# Home backup hits a snag.



## thehandyman1957 (Feb 11, 2017)

Hello all, first thing I should say is thank you for this forum and to all those who might be able to help.

I live in AZ and purchased a Generac Primepact 66LP (propane) generator for a backup system on my property.
It runs well and I finally got everything hooked up and wired in. 

This generator came out of a motor home and as I found out today, is not actually a 240 generator 
but two 120 legs at 30 amps each for a total wattage of 6600. It was designed for running in a 50 amp coach 
and running two 120 roof top AC's at the same time.

It shows 120 at each leg when testing from the neutral or ground to each leg. But leg to leg is zero.

I had purchased this to run my well pump and central air conditioning when the power goes out in monsoon season.
My central air requires 240v at 17 amps. 

I live in a 5th wheel and everything in the house works including the swamp cooler as it is only using one leg at 30 amps.

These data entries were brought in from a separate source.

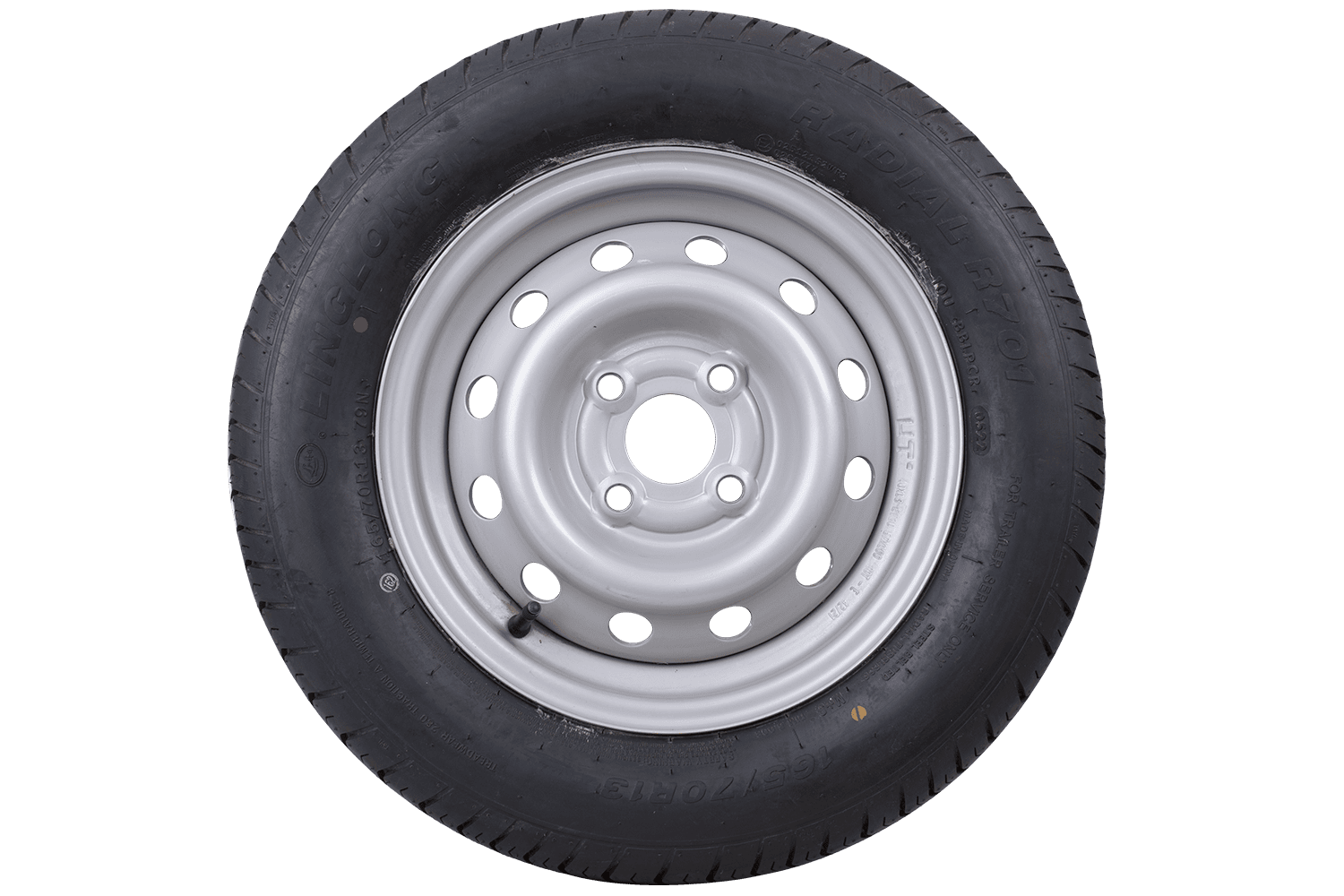 - OUTLET Kolo určené pro lehké přívěsy. Pneumatika LINGLONG 165/70 R13 79N zajišťující bezpečnost a stabilitu při jízdě. UNITRAILER 4Jx13" ocelový ráfek 4x100 ET:30. Maximální nosnost kola je 437 kg.
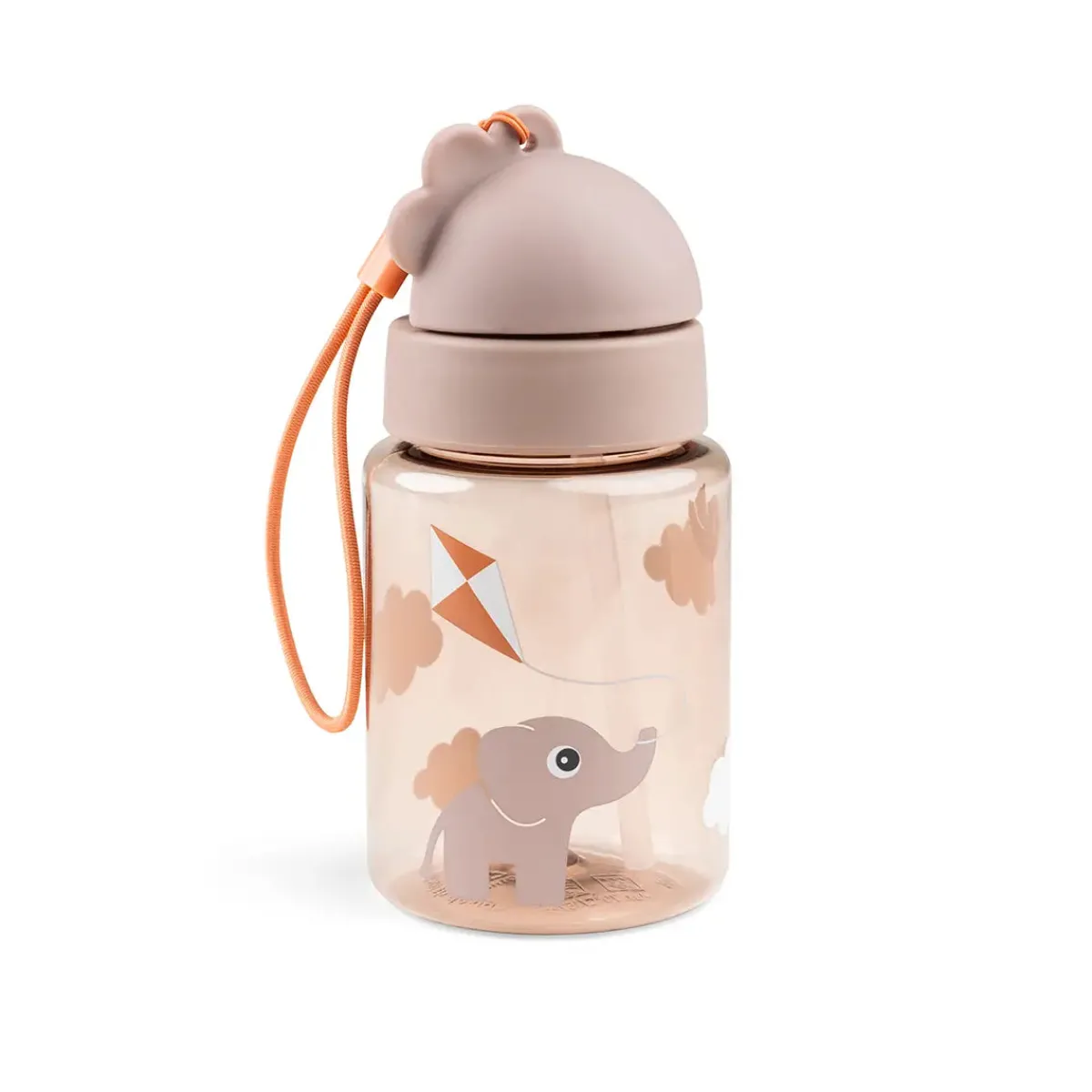 – Den pudderfarvede, gennemsigtige flaske har et praktisk sugerør, og når den er gemt væk, forhindrer låget, at der spildes væske
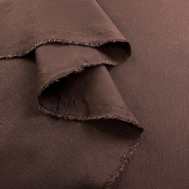 This high quality knitted 145cm wide, 320gsm Ponte Roma fabric has rich chocolate brown colour. With plenty of viscose to give it a soft hand, the nylon providing sturdiness and with a hint of elastane that gives the cloth a subtle stretch and great recovery.
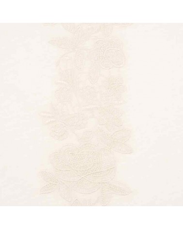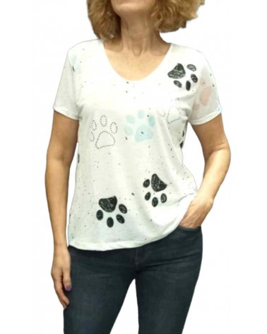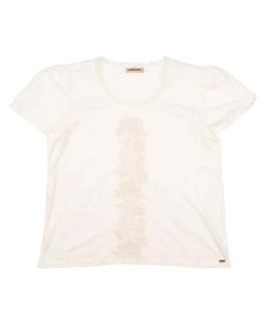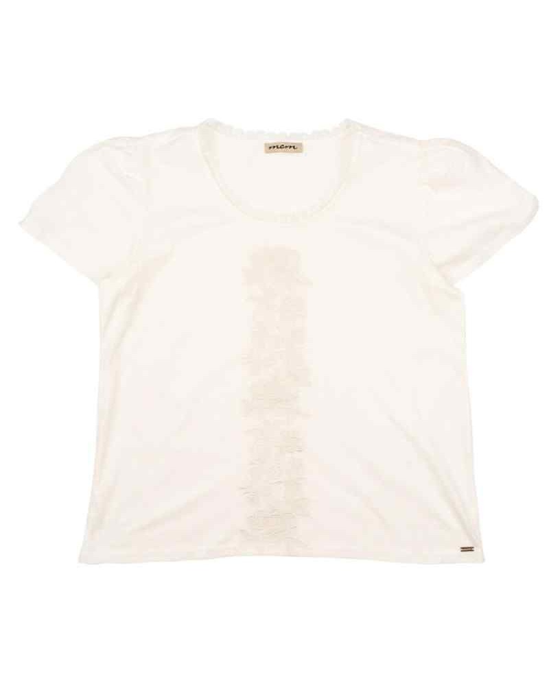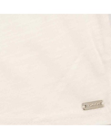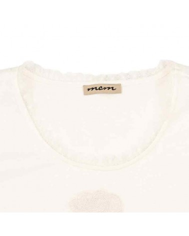 Top de mujer de la firma MCM en manga corta. Escote redondo con tira bordada en todo su contorno. Fantasía de franja bordada en la parte delantera.
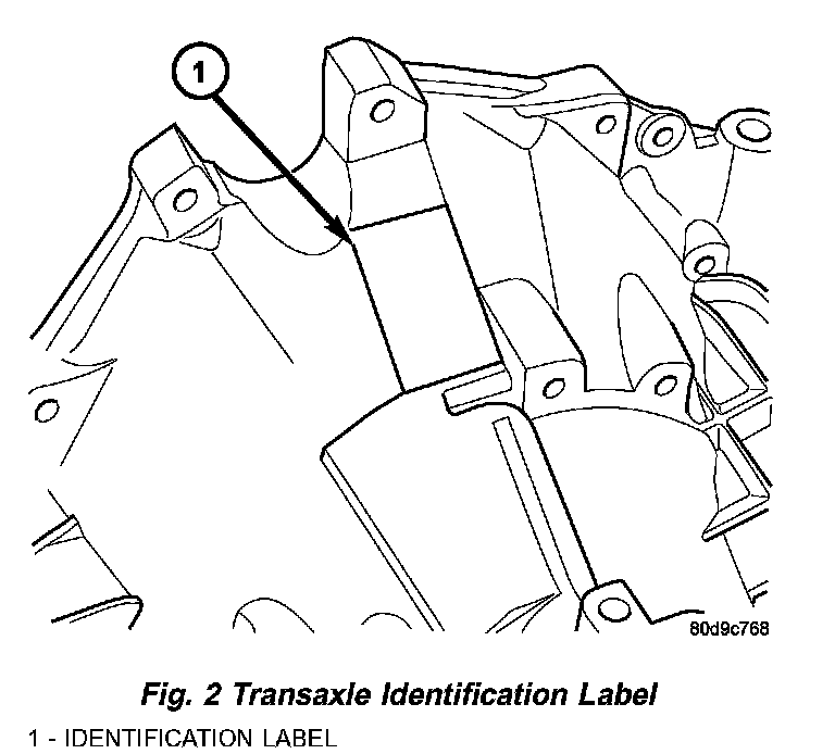 The 40TE transaxle is identified by a barcode label that is fixed to the transaxle case as shown in (Fig. 2).

And now I'm in a pickle. My genius electronic friend said to find a voltage transformer that would convert the two 120 legs to 240 but looking online, I can't find anything that would take two 120 legs to 240 
but only one 120 leg to 240.

Does anyone have any suggestions?


----------



## Osviur (Sep 7, 2015)

Hi thehandyman1957,

It seems like one of the power coils were inverted. Let's see: This generator has two coils, each of them produces 120 volts. You can connect them in series ( as from factory), being the junction point the neutral. From this point to any of the 2 terminals will obtain 120 volts, and from extreme to extreme (end to end) 120 + 120 = 240 volts. But if you invert any one of the coils, ( phase inverting) you will obtain exactly what you are measuring 120 volts between neutral and each extreme but 0 volts between extremes because they are in phase. It means that at any instant the voltage in both terminals will be exactly at the same level, giving as result a difference of 0 volts between both terminals.

So the solution is very simple, if this is the case, just invert One of the coil terminals coming from the stator to the power connector, in this way: 
Before: a bnc d After: b anc d
Being a and b terminals, of coil 1 and c and d, terminals of coil 2, n is neutral.

I hope this help you.


----------



## thehandyman1957 (Feb 11, 2017)

Osviur, you are indeed correct. After seeing your reply I dug into the owners manual and found the exact instructions on 
page 6.

It took me about 40 minutes to get it all to where it needed to be and after testing it indeed showed 239 across both legs.

I tested it on both the central AC and then the well pump (separate of course) and both worked flawlessly :tango_face_grin:

Thank you for your reply and I will mark this as fixed.:tango_face_wink:


----------



## thehandyman1957 (Feb 11, 2017)

Well it seems I'm not allowed to edit any post so I'm not sure how to mark as fixed.


----------



## Osviur (Sep 7, 2015)

You are welcome thehandyman1957 and I am happy.


----------